Start of Block
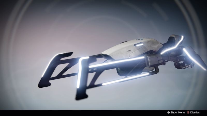 This image is a screenshot of a vehicle from the Destiny series of first-person shooter video games developed by Bungie Studios and published by Bungie or Activision. It falls under the screenshot category for a copyrighted computer game or video game, and the copyright for it is most likely held by the company that developed the game. It is believed that the use of a limited number of web-resolution screenshots:
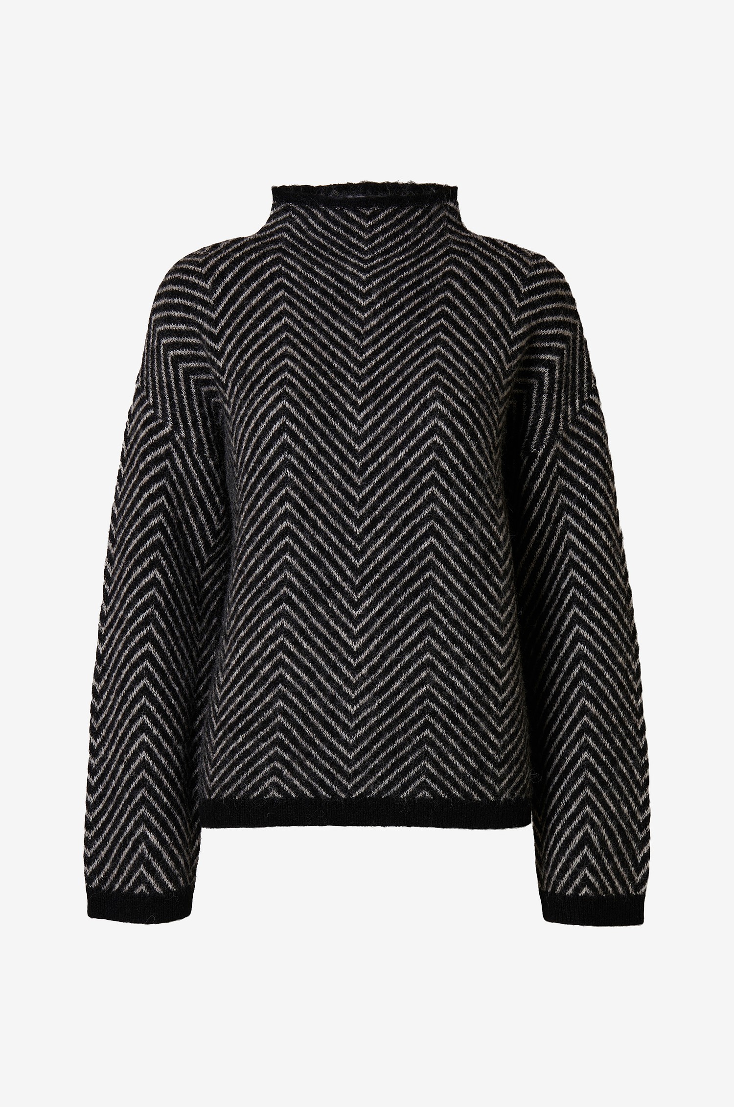 "Lulu Herringbone Knit" fra Selected Femme. Superfin strikkegenser fra Selected Femme med et klassisk og tidløst herringbone-mønster. Lulu Herringbone Knit har lange ermer med senket skuldersøm. Genseren har rett passform, høy hals og kontrasterende kanter.
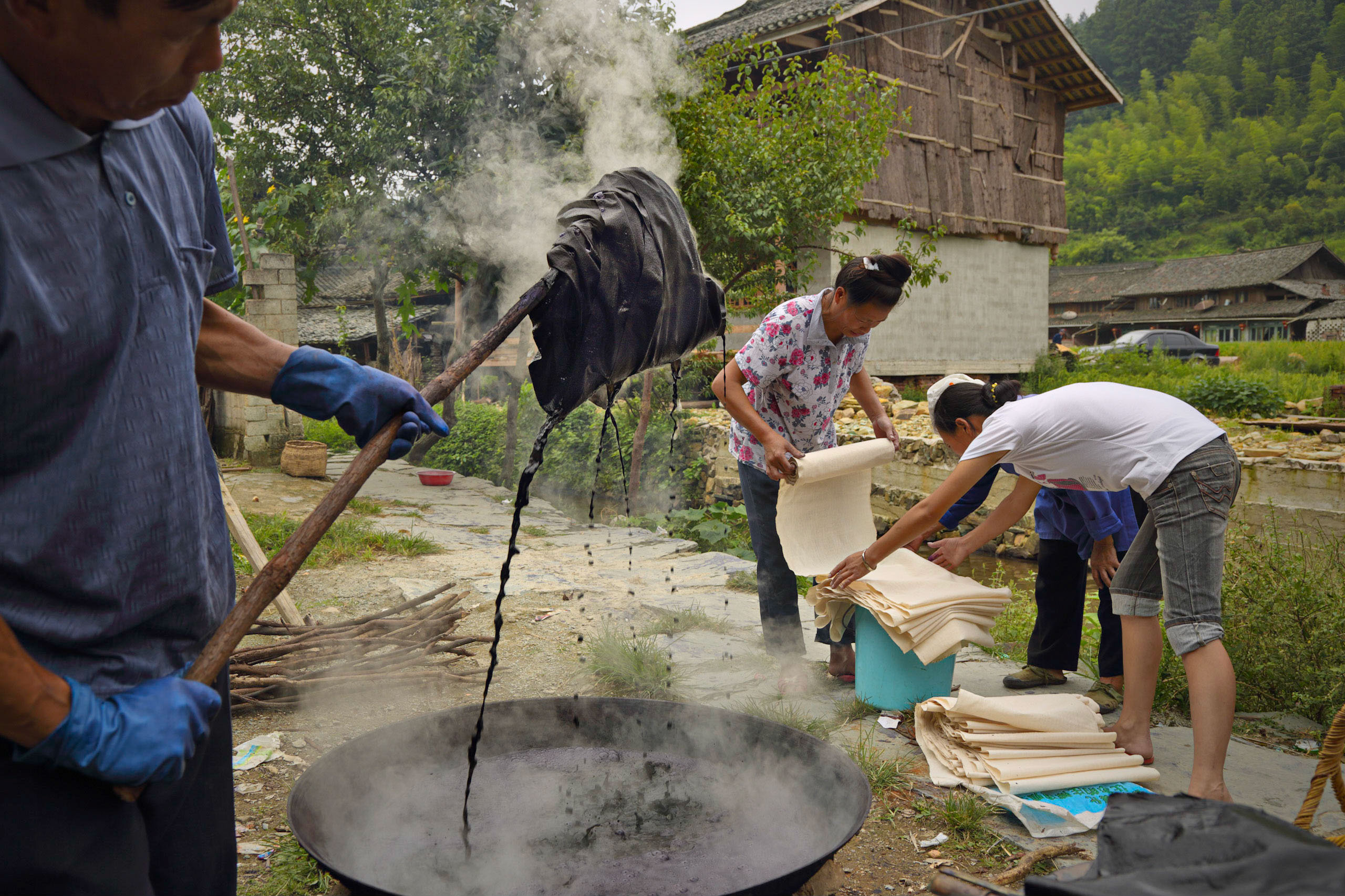 Hand-weavers in Guizhou, China, prepare their organic cotton. The weavers, from the Miao indigenous minority that traditionally inhabit the mountainous region, grows and weave their cotton the traditional way.
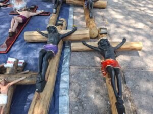 Salamanca, Gto. – Oscar Del Río, perteneciente a la comunidad de San Andrés Cuexcontitlán, de la demarcación de Toluca, llegó al municipio guanajuatense para ofrecer artesanías del Cristo Negro en esta Semana Santa y sumarse a la grata tradición.
End of Block
WHAT THIS TASK INVOLVES>
Leaving every picture out, repeat each line of the material exactly.

THE COMPLETED TASK>
 This image is a screenshot of a vehicle from the Destiny series of first-person shooter video games developed by Bungie Studios and published by Bungie or Activision. It falls under the screenshot category for a copyrighted computer game or video game, and the copyright for it is most likely held by the company that developed the game. It is believed that the use of a limited number of web-resolution screenshots:
 "Lulu Herringbone Knit" fra Selected Femme. Superfin strikkegenser fra Selected Femme med et klassisk og tidløst herringbone-mønster. Lulu Herringbone Knit har lange ermer med senket skuldersøm. Genseren har rett passform, høy hals og kontrasterende kanter.
 Hand-weavers in Guizhou, China, prepare their organic cotton. The weavers, from the Miao indigenous minority that traditionally inhabit the mountainous region, grows and weave their cotton the traditional way.
 Salamanca, Gto. – Oscar Del Río, perteneciente a la comunidad de San Andrés Cuexcontitlán, de la demarcación de Toluca, llegó al municipio guanajuatense para ofrecer artesanías del Cristo Negro en esta Semana Santa y sumarse a la grata tradición.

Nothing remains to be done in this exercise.